In Dinosaurs, however, the articulation between the ankle bones is modified to produce a simple hinge joint. The functional ankle-joint is between the upper bones of the ankle (the calcaneum and astragalus) and the bones immediately distal to it (refer to diagram). The calcaneum was very small compared to the astragalus. The important implication of this anatomical design is that the foot was restricted to motion in a vertical plane. In other words, it could move back-and-forth but could not be twisted. This is a clear adaptation for upright, speedy running. A similarly structured ankle is also found in pterosaurs. Pterosaurs are aerially adapted reptiles and close relatives of dinosaurs.

Both the Raiusuchians and the Dinosaurs independently evolved an erect gait (where the limbs were positioned directly below the body rather than splayed outwards), but their anatomical approaches to this condition differed.

Three bones make up the pelvis: the pubis, the ischium and the illium. At the junction of these three bones, there is a socket into which the head of the femur fits called the acetabulum. In Dinosaurs, the head of the femur is bent – that is, offset at an angle to the main body of the bone. The head fits into the acetabulum. The dinosaur acetabulum, rather than being a solid pocket of bone, actually has an opening in it (an open acetabulum is one of the defining features of the dinosaur clade).  The dinosaur femoral head is rather more barrel-shaped that the bulbous head of the human femur, limiting thigh motion to a plane parallel to the body.

Comparison of the primitive reptile, dinosaur and rauisuchian hip configurations. Adapted from skepticwiki’s article on dinosaurs.

The oldest known dinosaurs from the fossil record are lithe, bipedal carnivores like Staurikosaurus and Herrerasaurus. One of the interesting implications of this ancient bipedal body plan is that quadrupedal dinosaurs from later ages – horned Triceratops and mighty Brachiosaurus among them – belong to lineages that had to revert to walking on four legs from a state of two leged-ness at some point in their evolution.

Herrerasaurus, one of the earliest dinosaurs. Art by Nobu Tamura.

On the road to upright-walking bipedalism, the dinosaurs evolved a host of anatomical features that, taken in summation, set them apart from the rest of reptiledom. These include a distinct neck, a backward pointing shoulder joint, a hole in the center of the acetabulum, longer hind-limbs than forelimbs and long lower foot bones and digits.
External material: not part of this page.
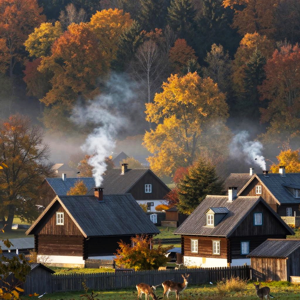 Photograph of rustic wooden houses with smoke rising, surrounded by autumn trees with vibrant orange and yellow leaves, and grazing deer in the foreground.

Dinosaurs did not comprise a significant portion of terrestrial animal diversity for much of the early Mesozoic, but they eventually supplanted the raisuchians, aetosaurs, rynchosaurs and other reptile groups as the dominant vertebrates on land. Their spectacular success would last them through the middle and later Mesozoic – and beyond, given that birds are modern day descendants of dinosaurs.
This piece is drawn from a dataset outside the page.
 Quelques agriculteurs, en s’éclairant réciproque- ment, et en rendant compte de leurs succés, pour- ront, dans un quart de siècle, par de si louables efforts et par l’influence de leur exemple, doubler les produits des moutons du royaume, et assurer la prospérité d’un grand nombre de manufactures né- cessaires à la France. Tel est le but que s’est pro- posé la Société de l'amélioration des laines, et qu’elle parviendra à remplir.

But what made the ascent of the dinosaurs to ecological preeminence possible?

Some researchers have suggested that the upright-walking dinosaurs may have been more efficient terrestrial locomotors than their sprawling gaited and semi-sprawling gaited contemporaries – and that this was crucial to their long-term evolutionary success. Others have opined that the evolution of warm-blooded physiology in early dinosaurs may have given them a “competitive edge” over other reptile groups.

It seems likely, however, that the meteoric rise of this scrappy upstart clade had more to do with luck than any inherent superiority. After all, a number of other archosaurs evolved an erect gait but did not diversify to anywhere near the extent that the dinosaurs did, nor did they survive past the early Mesozoic. The fossil record suggests that two large-scale mass extinction events took place during the early Mesozoic, successively culling the landscape of various groups of large reptiles and transforming vegetation planet-wide. Early dinosaurs just happened to scrape through these tough times and inherited a world deserted of major competitors.

*There is evidence for at least facultative bipedalism in a number of raiusuchians.


1. Lucas, Spencer G. Dinosaurs: the textbook. McGraw-Hill, 2004.
2. (Accessed: 26 June 2012)
3. Fraser, N. I. C. H. O. L. A. S., and DOUGLAS HENDERSON. Dawn of the Dinosaurs. Indiana University Press, Bloomington, IN, 2006.